Thought this was a Rhom but now I have some doubts based on some pictures of Sanchezi I've seen here. Can anyone help?


----------



## LaZy (Jun 17, 2003)

Irritan i tink


----------



## Serygo (May 17, 2004)

yes I am thinking S. Irritans


----------



## bkelley02 (Dec 11, 2004)

So most LFS have no idea what they are selling and basically label anything they don't know as a Black Piranha. Good logic. Thanks.


----------



## PiranhaMaster (Oct 21, 2003)

Compressus group... possibly Altuveii


----------



## Joga Bonito (Oct 30, 2004)

nice fish


----------



## bkelley02 (Dec 11, 2004)

Thanks. I'm happy with him, just really wondering what it is. He's about 5" in size right now. Very shy but I guess that's to be expected after only having him two weeks.


----------



## sharpteeth (Feb 14, 2004)

def not sanchezi! nice fish!


----------



## necroxeon (Jan 21, 2005)

ok he has scutes on the belly ( i think thats what i see) ...My fish is identical to this fish and I bought it as Rhom...its really confusing I guess we have to wait until they get to 6-7 inches...and if they dont then we are RIPPED OFF MAN !!!lol


----------



## fishofury (May 10, 2003)

Guys, look at the "bars" 
Something I picked up from Frank


----------



## bkelley02 (Dec 11, 2004)

I'm not familiar with what you're describing? Bars? Can you help?


----------



## b_ack51 (Feb 11, 2003)

bkelley02 said:


> I'm not familiar with what you're describing? Bars? Can you help?
> 
> 
> 
> ...


Bars he means by spots. Most juvi piranhas have spots (Frank please correct me if I'm wrong), but some of the spots you'll notice aren't circular, more like an oval or a bar. Hence the spots look like bars can help in the identification process of some piranhas. Get a full shot to include the tail fin. Irritans have a V shape to their tail fin. One good idea is to look at OPEFE and read and look at the piranha types to try to guess what type of p you have before Frank does.


----------



## hastatus (Jan 16, 2003)

S. irritans have yellow eyes. I need to see a full flank and tail photo. Chop off the tail via photo and the ID will suffer conclusions.


----------



## Death in #'s (Apr 29, 2003)

get a pic of the tail


----------



## bkelley02 (Dec 11, 2004)

Are these better? He's still really shy and not very cooperative with posing for pictures.

Thanks again for all the help!

View attachment 55494


View attachment 55495


----------



## elTwitcho (Jun 22, 2004)

I'd say that's almost definately compressus. It has the scutes, the bars and the tail, and the shape looks about right as well.

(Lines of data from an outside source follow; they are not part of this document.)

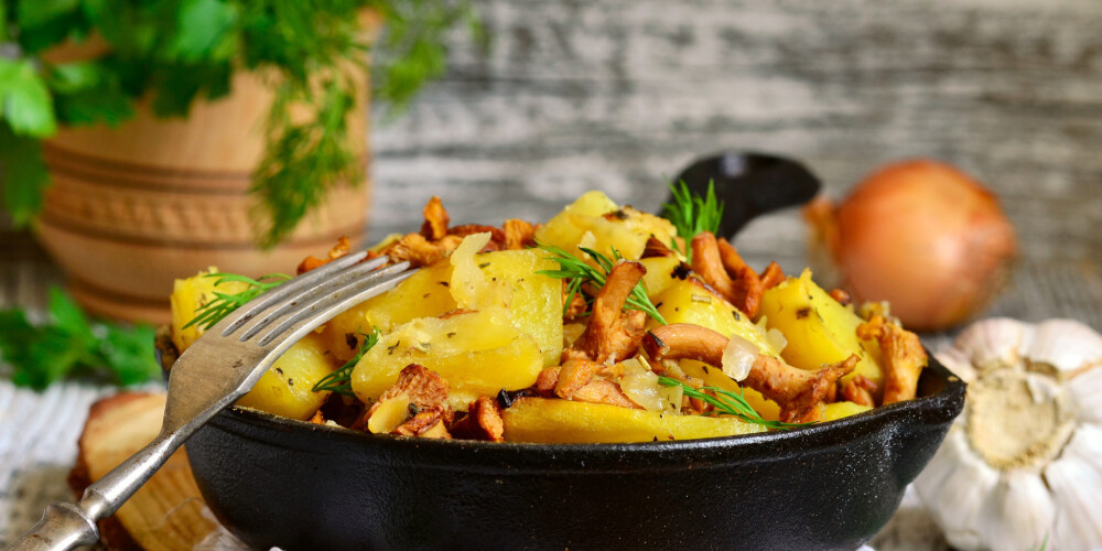 Lej pannā mazliet eļļas un tajā apcep gailenes – līdz izgarojis ūdens un tās sāk viegli brūnēties. Ber pannā kartupeļus, pievieno saplucinātu lapu kāpostu, pasāli, sapiparo, samaisi un pāris minūšu ļauj cepties. Tad iesit olas, uzliec vāku un turpini cept vēl 2–3 minūtes. Pārkaisi ar rīvētu sieru un nekavējoties pasniedz.
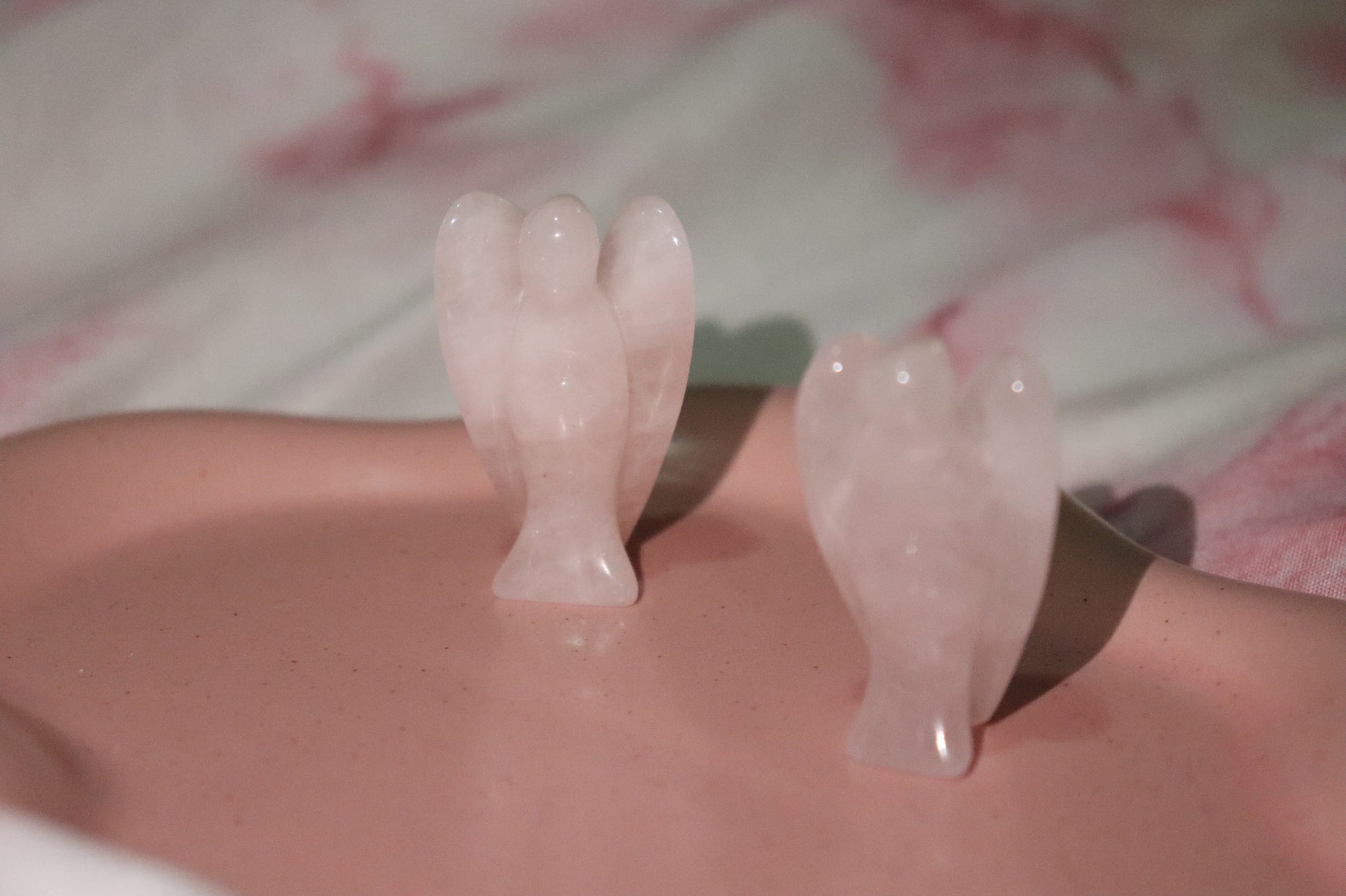 -Exposez l'ange en quartz rose à la lumière du soleil pendant quelques heures pour revitaliser ses propriétés énergétiques.
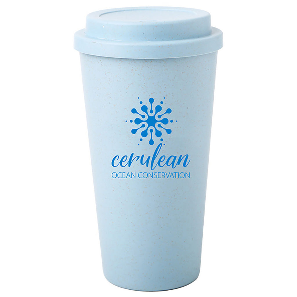Impact your industry with a corporate logoed Mixie Blue 16OZ Wheat Straw Mug. This slim cup is made of a mix of wheat straw and polypropylene plastic, fits in most cup holders, and comes with a sip-and-go lid. Add this to gift baskets, swag bags, or the selection at your store. Place an order today for these hand-wash recommended cups.The minimum order for this product is 50 pieces.
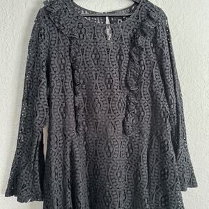 Eloquii Black Lace Bell Sleeves Ruffle Mini Dress Witchy Goth Whimsygoth Size 16
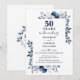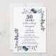 Este elegante convite de aniversário de casamento de 50 anos dourado e azul marinho pode ser personalizado com suas informações em tipografia moderna. Criado por Thisisnotme©
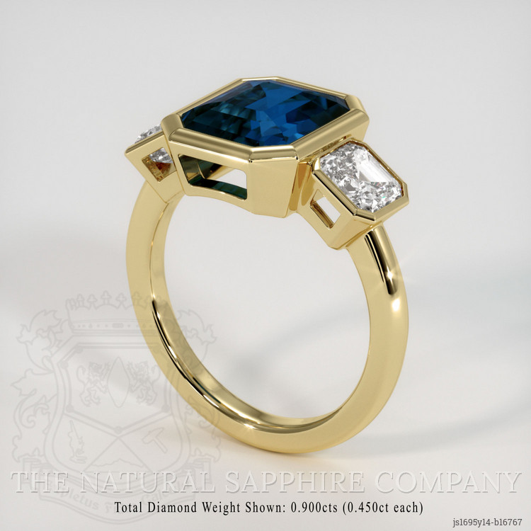 Complementing the sapphire are two white Asscher-cut, octagon-shaped diamonds, collectively weighing approximately 0.90 carats. The diamonds boast a clarity grade of VS1-VS2, ensuring minimal inclusions invisible to the naked eye. With an impressive color grade of E, these diamonds add a pure, brilliant sparkle that beautifully contrasts the deep tones of the sapphire. Together, these elements create a harmonious balance between elegance and boldness, a characteristic signature of our carefully crafted designs.
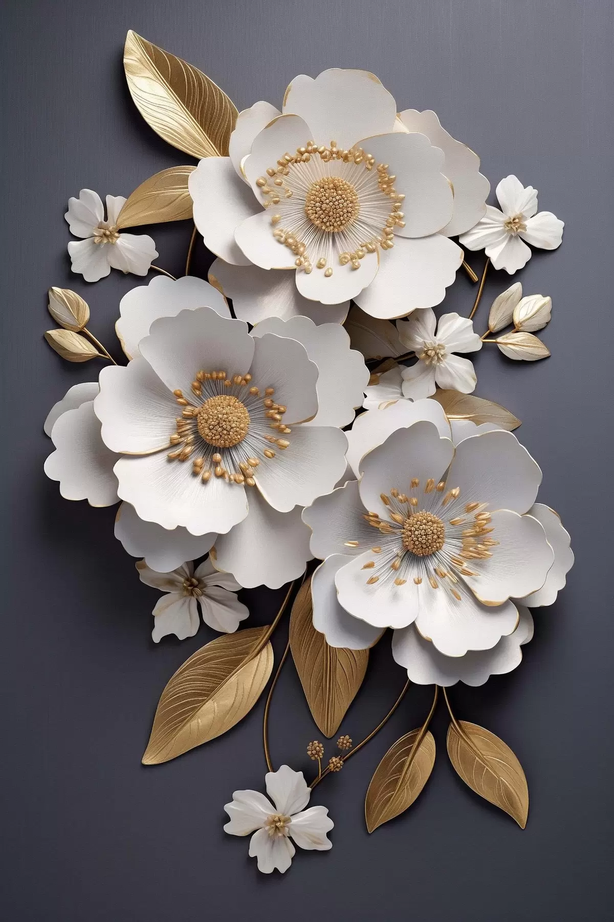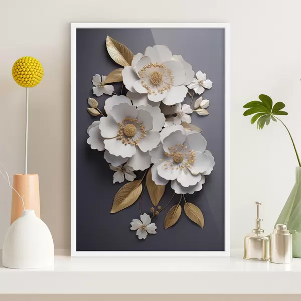 Poster Tres flores blancas sobre fondo oscuro Nr f43129
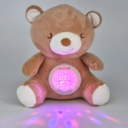 De beer is gemaakt van zacht, pluche materiaal en gevuld met watten voor maximale knuffeligheid. Dankzij het uitneembare mechanisme kun je de knuffel eenvoudig wassen en kan je kind hem ook als klassieke knuffel gebruiken. 3 volumeniveaus laten je het geluid precies afstemmen op de behoeften van je baby.
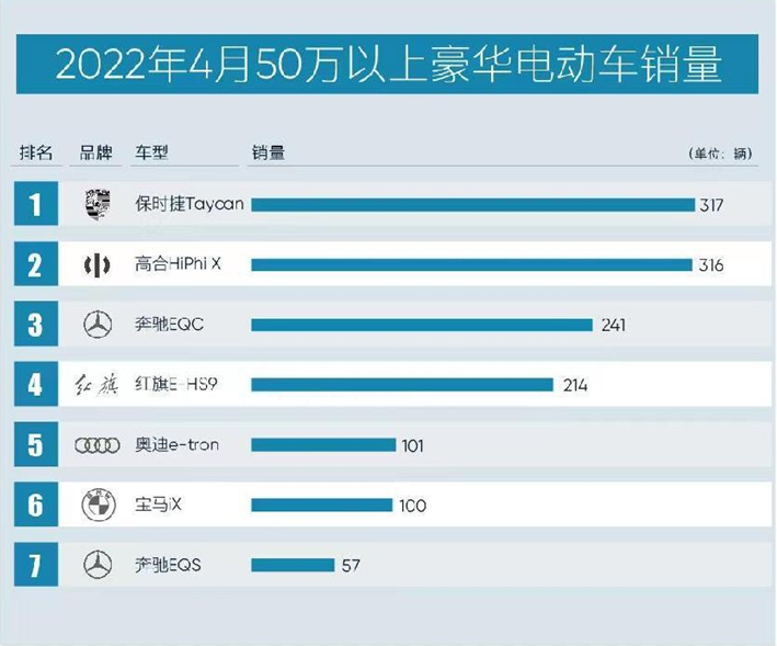 销量不仅代表人们对该车型的接受度,还透露出国人对该品牌的信赖和认可程度,而对于汽车市场而言,销量很大程度上决定了未来的市场方向。随着2022年5月的到来,2022年4月的交强险上险数据浮出水面,让我们一起来看看4月份50万豪华纯电领域呈现出怎样的景象?从数据中我们可以看到,高合HiPhi X以316量的销售成绩与保时捷Taycan展开搏斗,两者销量上相差一辆,一同站上50万家豪华纯电销量排行榜第一阶梯。
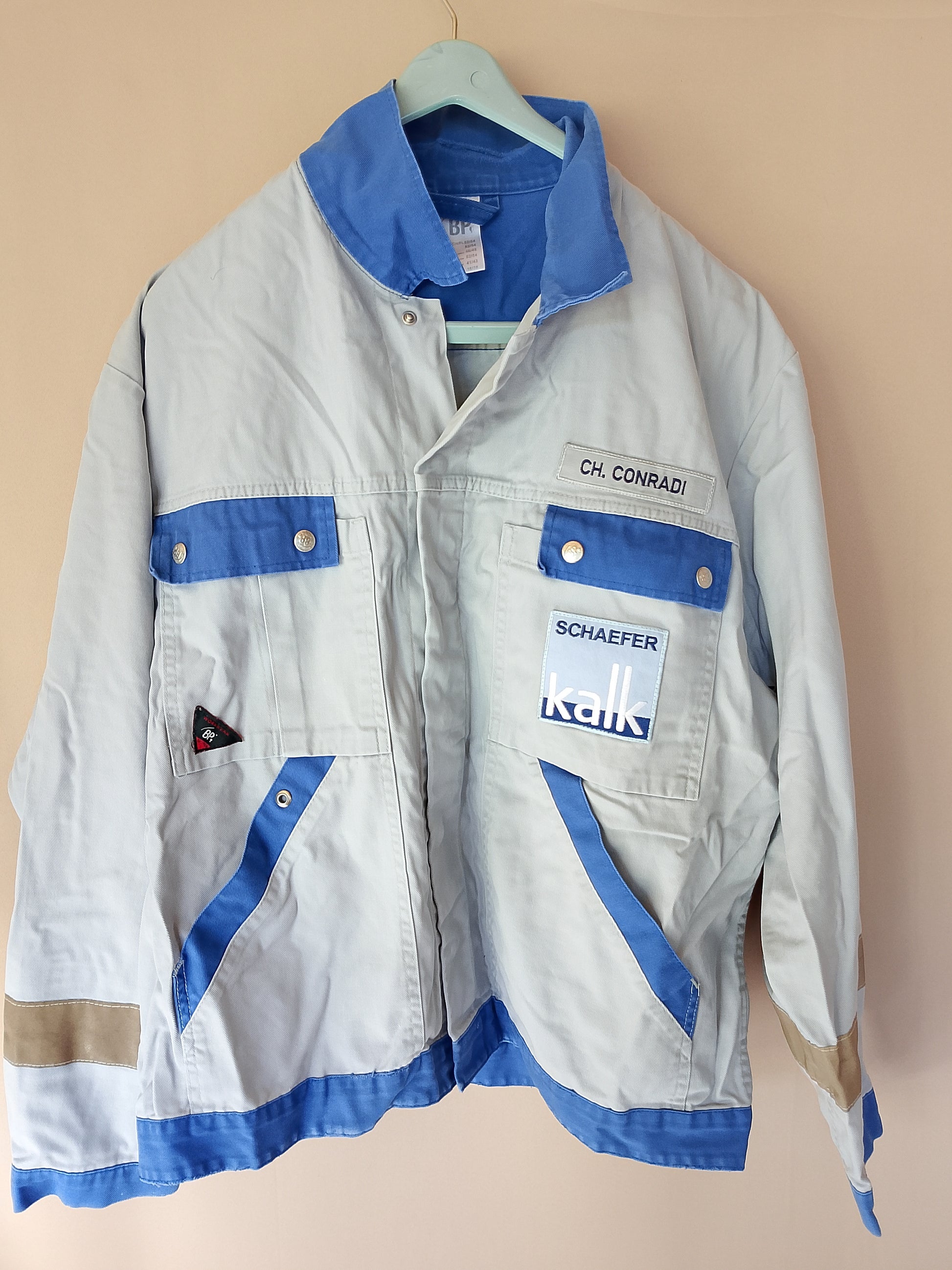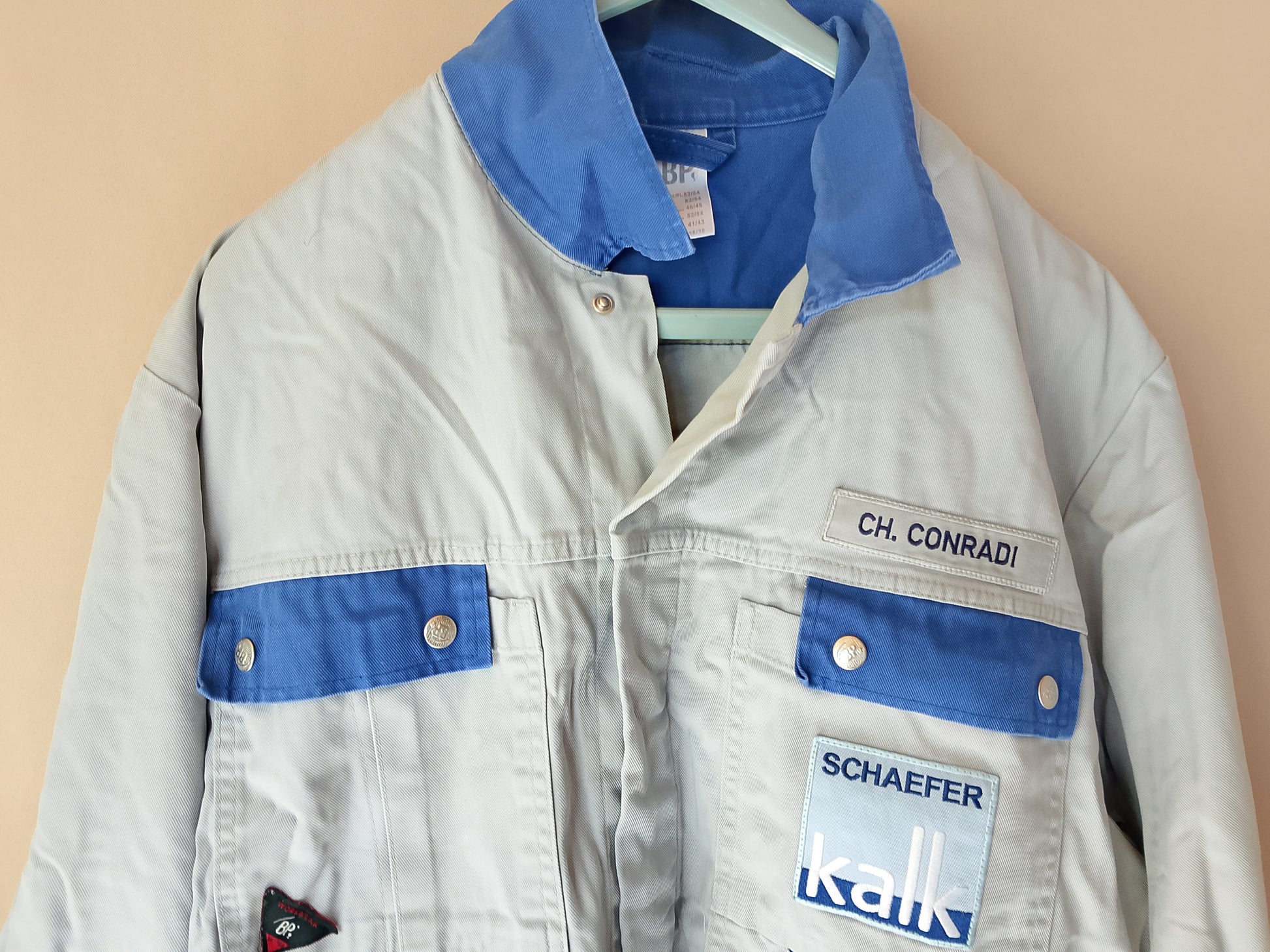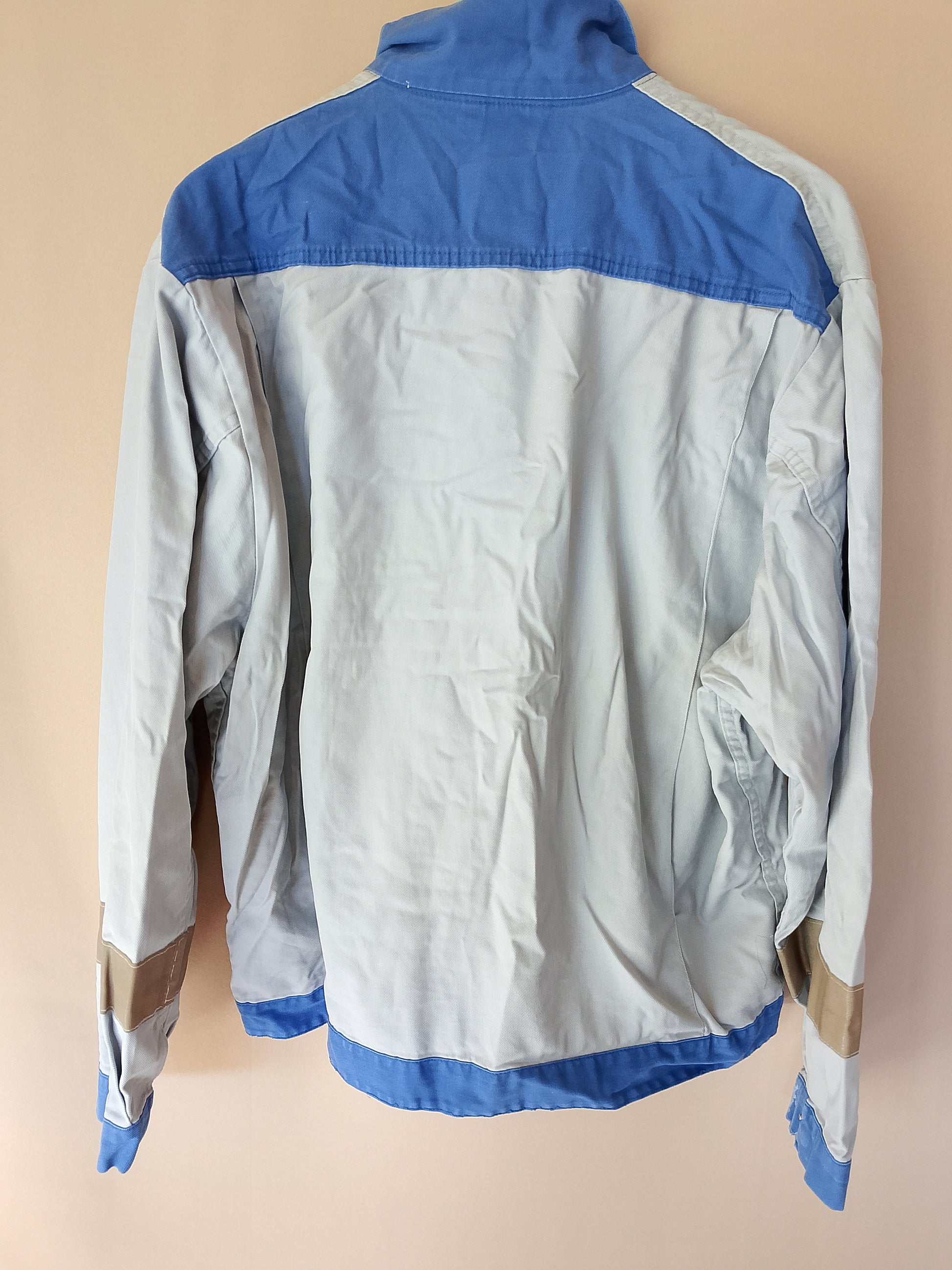Această jachetă la mâna a doua este într-o stare excelentă și încă reflectă standardele înalte de producție. Designul său în nuanțe de alb și albastru, cu benzi reflectorizante maronii la încheieturi, este nu doar elegant, ci și funcțional, oferind vizibilitate sporită. Cu buzunare practice și un material rezistent la uzură, această jachetă este perfectă pentru orice mecanic, constructor sau pasionat de proiecte de tip "do it yourself" care caută un echipament fiabil și la un preț accesibil.

I'd say compressus and definately not altuvie because the bars extend below the lateral line while on altuvie they generally don't (at least not anywhere near this extent).

Now cue Frank to come and correct me for being way out in left field


----------



## hastatus (Jan 16, 2003)

> elTwitcho Posted Yesterday, 11:21 PM
> *I'd say that's almost definately compressus.* It has the scutes, the bars and the tail, and the shape looks about right as well.
> 
> I'd say compressus and definately not altuvie because the bars extend below the lateral line while on altuvie they generally don't (at least not anywhere near this extent).
> ...


ID complete.


----------